BEGIN

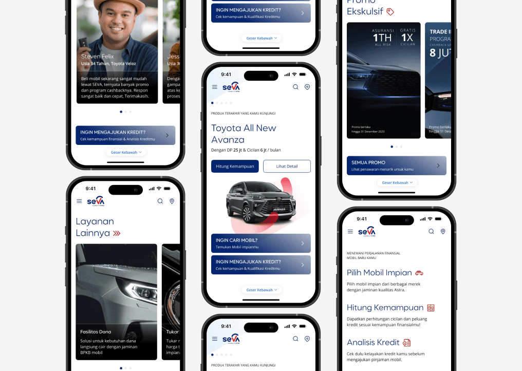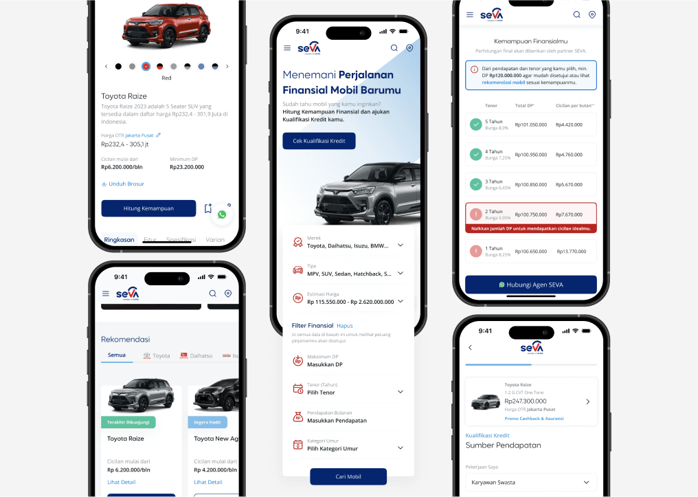 Users came to browse, but SEVA asked them to calculate. This mismatch created friction, especially for users unfamiliar with how financing worked. SEVA’s IA feature offered fast financing approval, but it was not visible or intuitive enough to build trust or engagement.
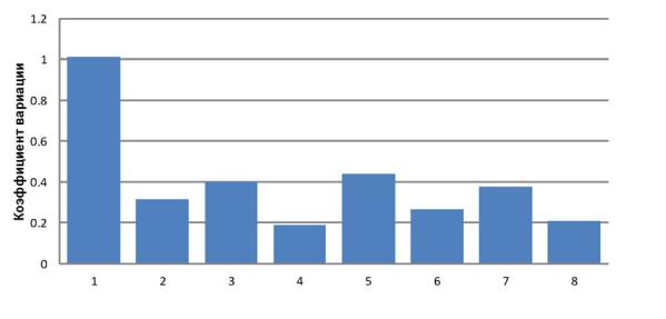 Средний коэффициент вариаций по показателям дороги составил 1,02, по сформированным ЛДК изменяется от 0,19 до 0,4, среднее значе-
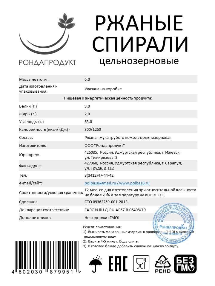 Описание: Макароны цельнозерновые Рондапродукт - это замечательное сочетание натуральности, питательности и вкуса в одном продукте. Ржаные спирали богаты ценными волокнами и натуральным вкусом, идеальны для здорового и диетического питания.
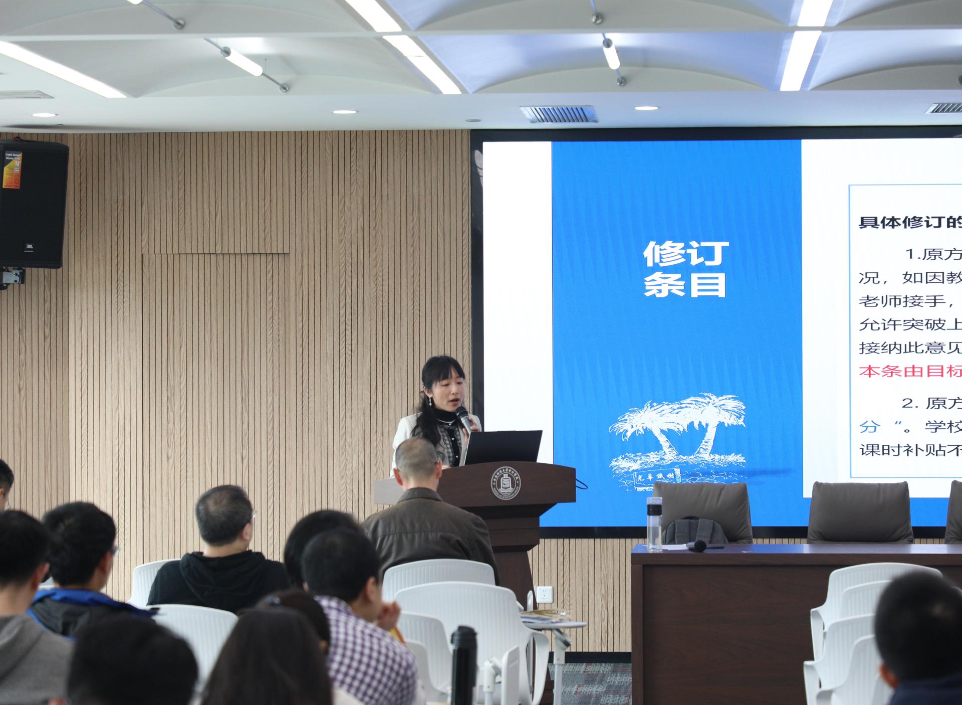 院长助理吴颖洁向全体教师再次解读了教师目标绩效考核标准新修订的条目内容。刘晓彬结合目标绩效考核改革开展师德师风专题教育,强调教师要蕴养西财情怀,传承会计优秀传统,坚守底线红线,把立德树人贯彻落实到行动的方方面面,不断提升道德修养和育人技能,以人格魅力、专业实力影响感染、教育引导学生。
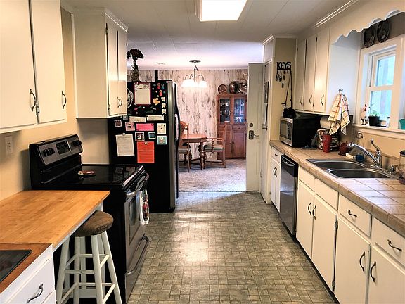Ranch style home on approx. 7.63 acres. Windows & baths updated. Living room opens to dining area. Large galley kitchen w/ storage area off kitchen. Dining area off kitchen opens to back deck/pool area. Barns, Storage building & workshop barn with power & bathroom are all sold "as is". Deer blinds & deer stand convey. Deer feeder & curtains do NOT convey. Lots of wild life. Owners have cleared a lot of the area, yet leaving plenty of wooded area for wild life. Agent saw deer while taking pics.

END

What you will do:
Range to print from the listing above: from the line with "Средний коэффициент вариаций" up to and including the line with "院长助理吴颖洁向全体教师再次". Please print those lines exactly, with no pictures and nothing more.

The completed task:
 Средний коэффициент вариаций по показателям дороги составил 1,02, по сформированным ЛДК изменяется от 0,19 до 0,4, среднее значе-
 Описание: Макароны цельнозерновые Рондапродукт - это замечательное сочетание натуральности, питательности и вкуса в одном продукте. Ржаные спирали богаты ценными волокнами и натуральным вкусом, идеальны для здорового и диетического питания.
 院长助理吴颖洁向全体教师再次解读了教师目标绩效考核标准新修订的条目内容。刘晓彬结合目标绩效考核改革开展师德师风专题教育,强调教师要蕴养西财情怀,传承会计优秀传统,坚守底线红线,把立德树人贯彻落实到行动的方方面面,不断提升道德修养和育人技能,以人格魅力、专业实力影响感染、教育引导学生。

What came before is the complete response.